I'm going to shut up now. It's certainly a personal decision to use whatever words deemed fit to describe a product, but some savy customers might get tired of hearing the word so over-used. Just my 2 cents and it probably aint worth that!


----------



## buckrun (Mar 7, 2008)

Great post Anita don't shut up. I agree about the overuse of key words for marketing and dilution of meaning. Natural is too simple now. There must be more info. I like when they mention HOW the essential oils were extracted and so on. I had that same experience at a festival with a lady saying her soaps were all natch with FO's. Once the marketing gurus get a hold of a word you better ask for more info!


----------



## Caprine Beings (Sep 19, 2008)

I use 100% goat milk, so I tell them 100% goat milk. I make "Petroleum Free" butters, made with fresh, dried, and extracts of herbs. I say the same thing. Things like this are more apt to gain attention then "natural". So I am in agreeance with Anita about its over use. 
Funny about customers, some say the darndest things Have you ever heard of GM soap being "wholesome skin care"? I loved it!
Tam


----------



## Huminbird (Jul 22, 2008)

I was wanting to use natural in my soap descriptions through google because I believe that someone looking up goat milk soaps would look up "all natural soap" or "natural goat milk soap" and those are key words.
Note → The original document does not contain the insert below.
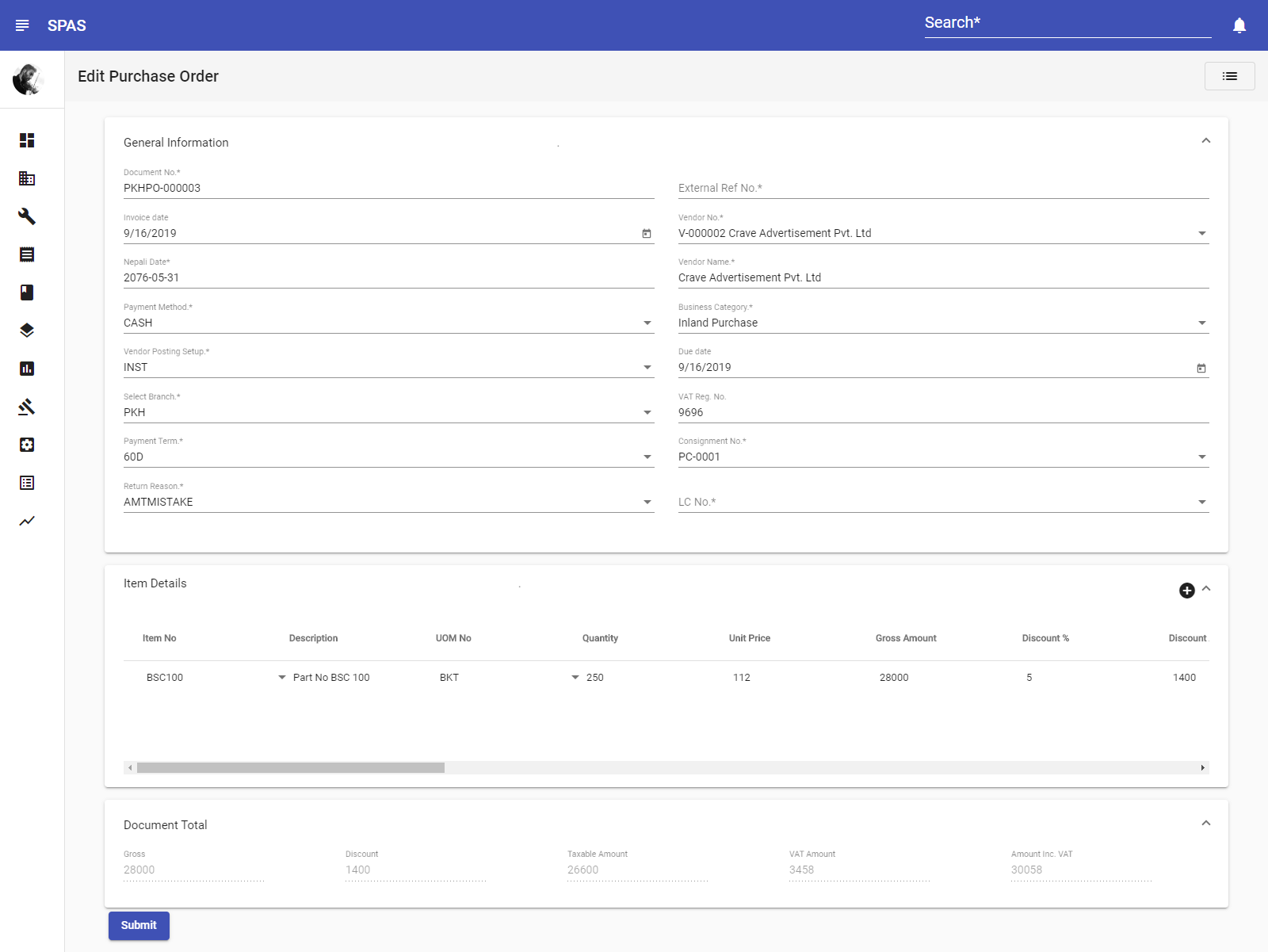 SPAS (Simplified Pernix Accounting System/Software) is a Web Based Accounting & financial management System developed by Tara Digital Solution Pvt. Ltd. SPAS is an integrated accounting software solution fit for small to large scale trading, manufacturing and other service businesses. SPAS is a one stop solution for businesses requiring robust accounting solution and comply with Tax & Vat Rules of Nepal.

I believe in one of my descriptions I described the oils in my soap as having all natural ingredients in it. Now that I look at it I can understand how someone could think all the ingredients are natural, not that some (all but lye) ingredients are natural. 

Its whats called a buzz word and I think I will use it but use it sparingly. It is a key term people use when looking up soaps online.

I will create another post about using website tools like google analytics and google shopping or data feed as they call it.


----------



## jdranch (Jan 31, 2010)

I like the ps'ed picture.


----------



## newbie nubian (Feb 7, 2009)

Can I join in? "All natural" bugs me, too. Cocaine is all natural - doesn't mean it's good for us. Sara.


----------



## Huminbird (Jul 22, 2008)

lol yes I suppose you are right about that all natural bit. I guess I should stop trying to compete with the big companies that have that pasted all over their bars and their websites. 

I was having a friendly argument with another vendor that believed that there was no saving the world. I believe that we can educate ourselves and those we come into contact with about the small but important things and make the world a better place. I guess in my "all about goat milk soap" page that I will someday have the time and inclination to type up, I will put in the information like "all natural" and what it really (doesn't) means.

I have changed over all of my table cloth pictures to the new photoshopped pictures and I think I like the mix although it doesn't look streamlined. Lol, nothing in my life looks streamlined.

Thanks for all the opinions. If you have more suggestions or comments I would love to hear them.


----------